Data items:
>>

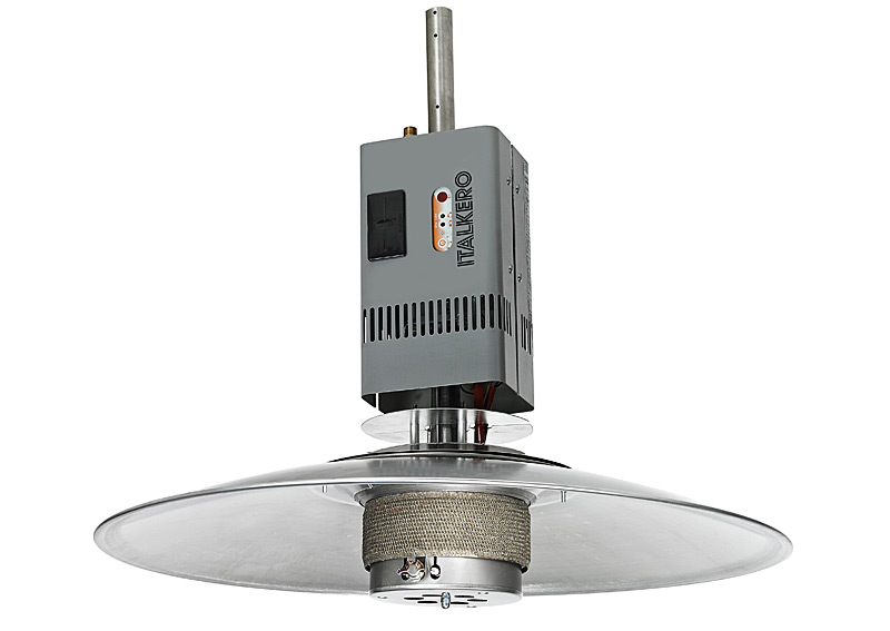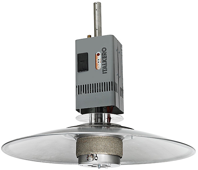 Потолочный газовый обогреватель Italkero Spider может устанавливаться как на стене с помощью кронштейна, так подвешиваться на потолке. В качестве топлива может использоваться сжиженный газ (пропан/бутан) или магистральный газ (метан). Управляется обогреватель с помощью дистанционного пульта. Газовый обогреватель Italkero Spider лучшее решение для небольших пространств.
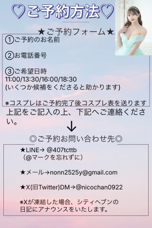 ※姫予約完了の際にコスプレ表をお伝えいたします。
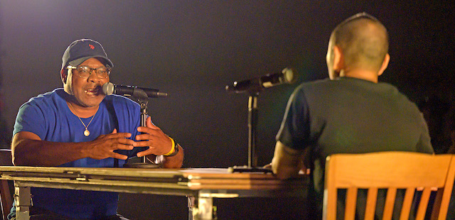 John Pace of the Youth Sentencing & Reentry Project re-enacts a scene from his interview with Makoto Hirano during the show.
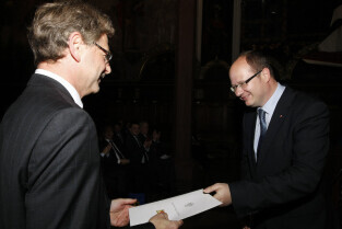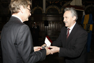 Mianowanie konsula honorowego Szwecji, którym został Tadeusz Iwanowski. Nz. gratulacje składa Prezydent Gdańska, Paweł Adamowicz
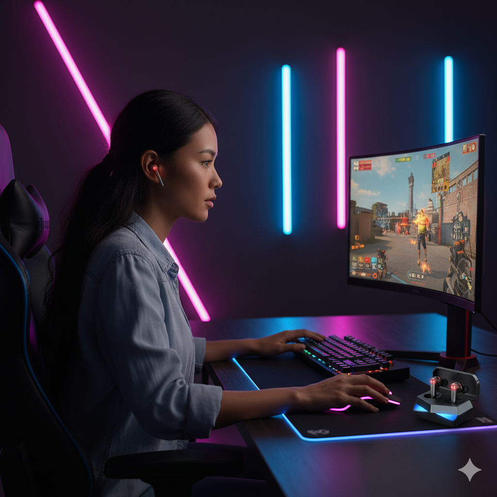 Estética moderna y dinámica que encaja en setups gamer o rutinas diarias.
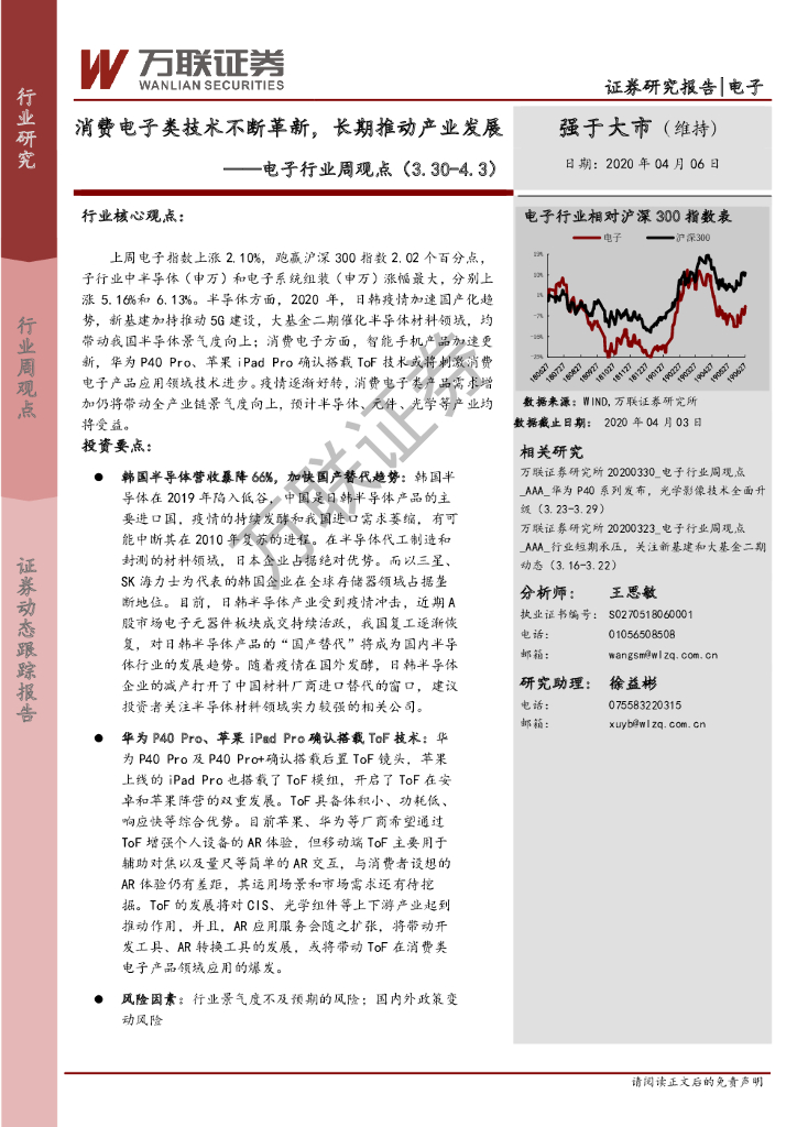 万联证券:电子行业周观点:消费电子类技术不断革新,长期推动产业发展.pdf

<<

Directions for this task:
Return the data verbatim, leaving out the pictures it holds.

Task result:
 Потолочный газовый обогреватель Italkero Spider может устанавливаться как на стене с помощью кронштейна, так подвешиваться на потолке. В качестве топлива может использоваться сжиженный газ (пропан/бутан) или магистральный газ (метан). Управляется обогреватель с помощью дистанционного пульта. Газовый обогреватель Italkero Spider лучшее решение для небольших пространств.
 ※姫予約完了の際にコスプレ表をお伝えいたします。
 John Pace of the Youth Sentencing & Reentry Project re-enacts a scene from his interview with Makoto Hirano during the show.
 Mianowanie konsula honorowego Szwecji, którym został Tadeusz Iwanowski. Nz. gratulacje składa Prezydent Gdańska, Paweł Adamowicz
 Estética moderna y dinámica que encaja en setups gamer o rutinas diarias.
 万联证券:电子行业周观点:消费电子类技术不断革新,长期推动产业发展.pdf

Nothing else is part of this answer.